Melanie

It is custom to use outdated cells for antibody identification and ruleout. Cells have shown to be useful more than two months past the manufacturers expiration date for most antigen systems. We use cells up to this time for all antigens except Lewis. Cells must be visually inspected prior to use and must not be hemolyzed or discolored.

With the use of monoclonal anti-D there has been many more patients that have been tested as Rh positive that are actually missing part of the D antigen. They are fully capable of making an antibody to the missing peice which would react with all normal Rh positive cells. These reagents are great for donor populations and not so great for patient populations. WE have instituted a policy so when we test a patient and it reacts less than 2+, we call then Rh neg. They receive RhIg if needed and Rh neg units. WE notate in their computer record that they are "Rh variable" for future reference.

We are setting up a QC protocol required for red cell recovery. The problem is that only about 50% of the units are passing the 85% recovery needed. It does not seem to matter who performs the freezing or deglycing, so we are not thinking it is the technique. Has anyone had similiar problems and if so, how did you resolve them? Any suggestions are more than welcome, thanks!

Another good idea is to pull your own patient workups and use them as teaching tools. I somtimes just give out a copy of some of the work and list a bunch of questions about the workup. Gives techs a chance to try and figure out how best to proceed when faced with a particular type of problem. An example would be a patient with a high freq antibody. I will ask things like "What methods could you use to rule out all common allos?" Techs get continuing ed credit for completing the questions and sitting for a quick review.

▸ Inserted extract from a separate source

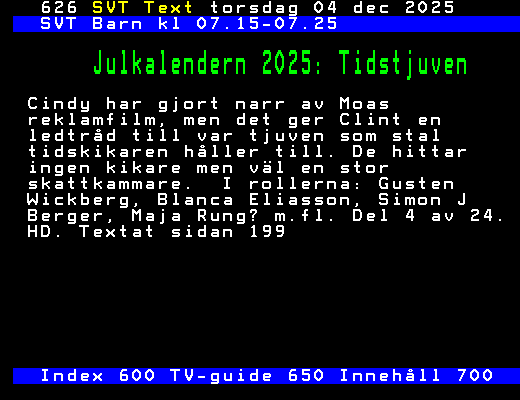 SVT Text Tors 04 Dec. 2025 SVT Barn kl 07.15-07.25 Julkalendern 2025: Tidstjuven Cindy har gjort narr av Moas reklamfilm, men det ger Clint en ledtråd till var tjuven som stal tidskikaren håller till. De hittar ingen kikare men väl en stor skattkammare. I rollerna: Gusten Wickberg, Blanca Eliasson, Simon J Berger, Maja Rung? m.fl. Del 4 av 24. HD. Textat sidan 199 Index 600 TV-guide 650 Innehåll 700 +Dela 06:05

We only use the scope for DAT's and any questionable reactions in tube otherwise just a lighted concave magnifying mirror.

We give either type with a note in patient record that states "approved to receive Rh pos platelets, RhIg not required"

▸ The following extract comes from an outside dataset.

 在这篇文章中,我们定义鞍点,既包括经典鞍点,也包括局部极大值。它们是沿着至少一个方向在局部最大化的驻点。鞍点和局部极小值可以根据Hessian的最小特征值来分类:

Rouleaux can really be a problem if you are using Peg enhancement with your tube testing technique. If so, I recommend you choose another enhancement reagent like LISS or make sure that you do extra washes prior to addition of IgG. Although it is said that no rouleauz is detected at the coombs phase, by adding PEG to a patient with abnormal proteins you can cause red cell agglutination without having an antibody present. Extra washes usually will do the trick.

WE have two eight unit plasma thaw devices as well as the old fashion Forma waterbath that can hold another eight. So, potentially we could thaw 24 at once and have actually done so for plasma exchanges (CPP or FFP). We now have thawed plasma on hand each day of different blood groups for OR cases and other emergencies. Types we have thawed at all times are 6 Goup O's, 6 group A's and 2 Group B's.

We match Rh and K for all routine transfusions to a sickle cell patient to prevent possible immunization. WE only give HbS neg units for a red cell exchange. We also try and get a compete phenotype on a pre-transfusion sample if possible, or use hypotonic wash and do it that way.

Grade reaction and notate "mf"

Kidds are like that. Once identified, they go away and drive you crazy..... Making you wonder if the original ID was correct.

Did you ever do an eluate? If so, what were the results? Sometimes the eluate is able to pull off an antibody that you can not detect using tube methods. It would be interesting to see how the eluate reacts in tube and using gel. Were you able to do a complete pretransfusion phenotype?

We do not repeat any antigen typing done by the reference lab. We are looking into alternative sources of reagents at this time because of rising costs. We keep all common antiseras in stock (C,E,c,e,K,k,Fya, Fyb, Jka, Jkb, S, s, M, N and Lea and Leb) WE use commercial antisera for donor screening and patient testing for all common allos when required by SOP, but, we also save plasma from donors and patients with allo-antibodies in frozen alliquots for those times when massive screening is needed. However, we require a confimration using commercial antisera with controls prior to labeling unit as antigen neg.

We have chosen the Tango to replace our sunsetted Rosys. A team from the lab investigated each and toured facilities to see them in operation and decided that for our workload and flow the Tango will meet our needs. We are getting three of them and they should be here in September.

It is really a matter of storage space. We save our samples for a total of five weeks. Samples are good for use for 28 days if not transfused or pregnant within the last three months. We save them for an additional week in case they get transfused on day 28. We completed a validation of sample viability with all methods we use and found that they are still reactive at end of storage period.